Post by account_disabled on Mar 11, 2024 13:32:24 GMT 8
Also on the bright side some of the improvements we made while trying to find the problem have increased the speed of our crawlers and we are now hitting just over a billion pages a day. We had a bug. There was a small bug in our scheduling code this is different from the code that creates the index so our metrics were still good. Previously this bug had been benign but due to several other minor issues when it rains it pours it had a snowball effect and caused some large problems. This made identifying and tracking down the original problem relatively hard.
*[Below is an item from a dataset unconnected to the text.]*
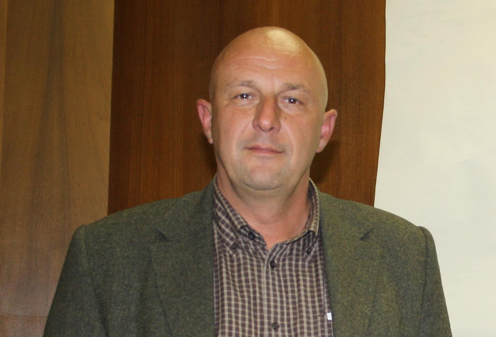 Tomáš Julínek portrait cropped.

The bug had farreaching consequences... to be crawled more frequently than they Europe Cell Phone Number List should have been. This happened because we crawled a huge number of lowquality sites for a day period well elaborate on this further down and then generated an index with them. In turn this raised all these sites Domain Authority above a certain threshold where they would have otherwise been ignored when the bug was benign. Now that they crossed this threshold from a DA of to a DA of the bug was acting on them and when crawls were scheduled these domains were treated as if they had a DA of or.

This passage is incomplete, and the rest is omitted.